The role of RBC deformability has thus been established in only a few disorders.

One major disadvantage of the experimental methods used for the evaluation of RBC biomechanical properties is that the stress imposed on the cells is far from the one actually experienced during in microcirculation. This fact may distort the results, which in turn may decrease the clinical relevance of the study. Although enormous progress has been made, our understanding of the role of RBCs deformability in such diseases is still far from complete. Despite the number of complications generated from a decrease in RBC deformability such as impaired blood flow in vascular complications of the diseases, particularly at the microcirculation level, a quantitative knowledge of RBC membrane properties is needed.

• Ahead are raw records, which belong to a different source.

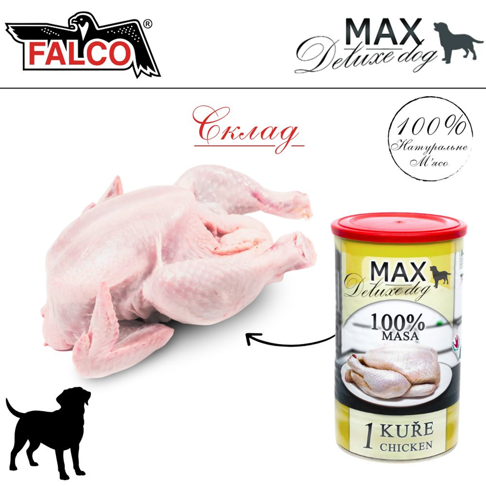 Ключові переваги консервованого м'яса для собак Шматки Курки FALCO MAX Deluxe Dog 100% Meat 1 Chicken: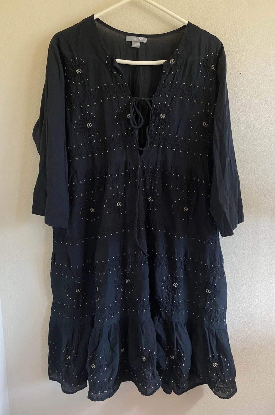 Shade Amour Black Embroidered Floral Vneck Tie‎ Front Cotton Dress Boho Large - $30 - From Hilary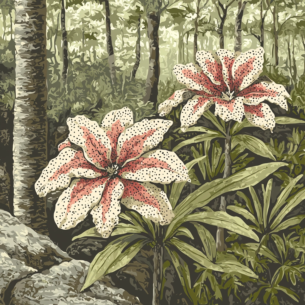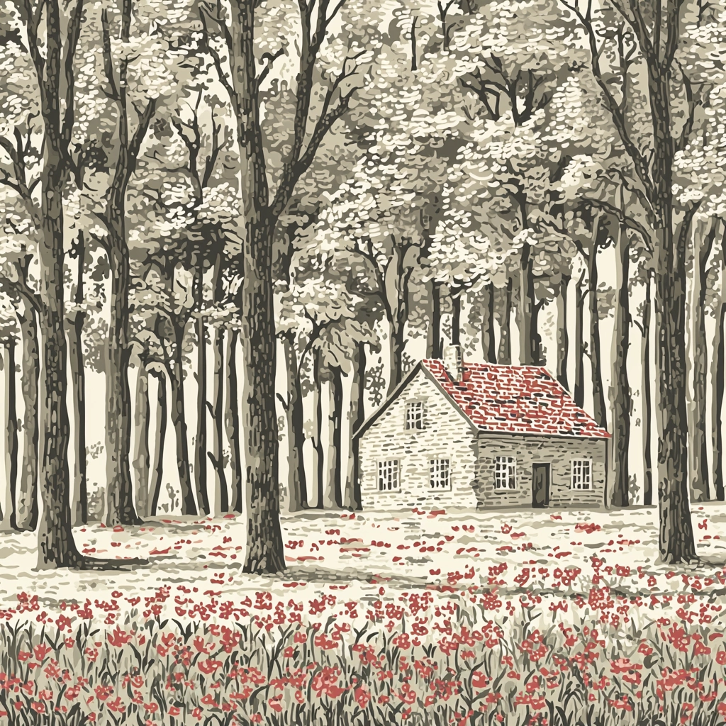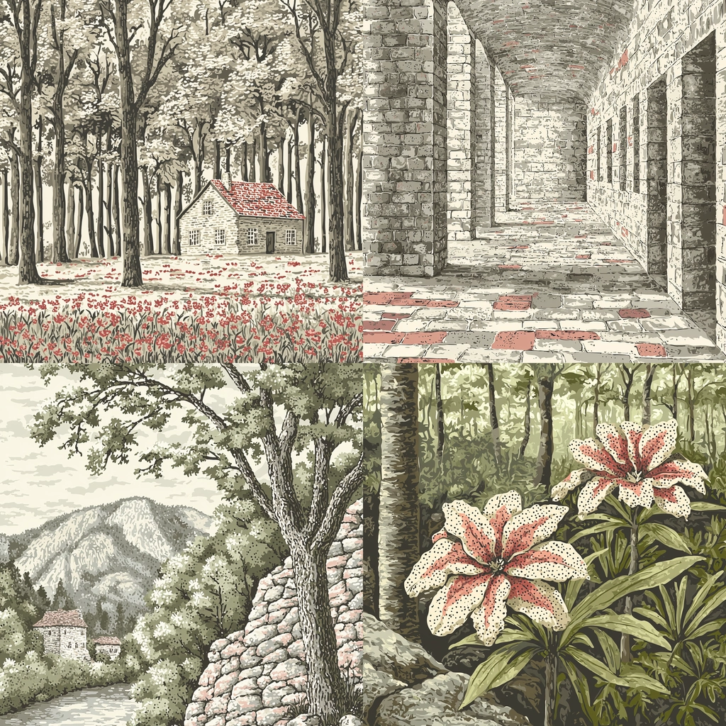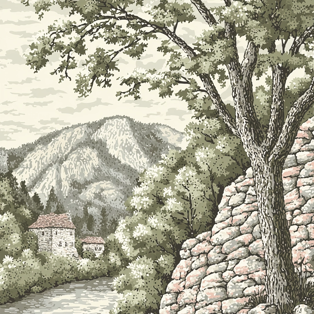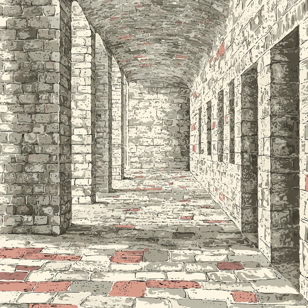 The lighting highlights the intricate textures of natural elements and stone structures, illuminating the balance between open spaces and enclosed areas with a controlled use of light. Earthy hues provide a muted palette, grounding elements with subtle depth and a tactile quality.

Therefore, it is necessary to develop state-of-the-art dynamic experimental models for elucidating the significance of RBC membrane alterations in pathological conditions and the role that such alterations play in the microvasculature flow dynamics by using well controlled and physiologically relevant mechanical environments. Since many traditional biochemical and biological assays such as flow cytometry,^198–201 DNA extraction,^202,203 and polymerase chain reaction,^203,204 have already been transferred onto integrated microfluidic devices to provide multi-parameter information to target cells, it is possible to develop a novel high-throughput system, based on microfluidics techniques, for the measurement of RBC membrane properties. Such a system should allow high-speed/high-magnification observations of the flow of RBCs in model systems that well represent the human microvasculature. Recent reports have focused on the healthy cell⁶⁵ and on a few pathologies, i.e., malaria^205–207 and sickle cell anaemia.^208,209 On the other hand, data are limited related to the biomechanical properties of RBCs in common pathologies such as hereditary and metabolic disorders that involve severe complications in blood circulation at the microvasculature level due to impaired RBCs deformability. Thus, additional experimental studies are needed to extensively examine the mechanical properties of RBCs in various diseases to establish the correlation between RBC mechanical properties and patients clinical status.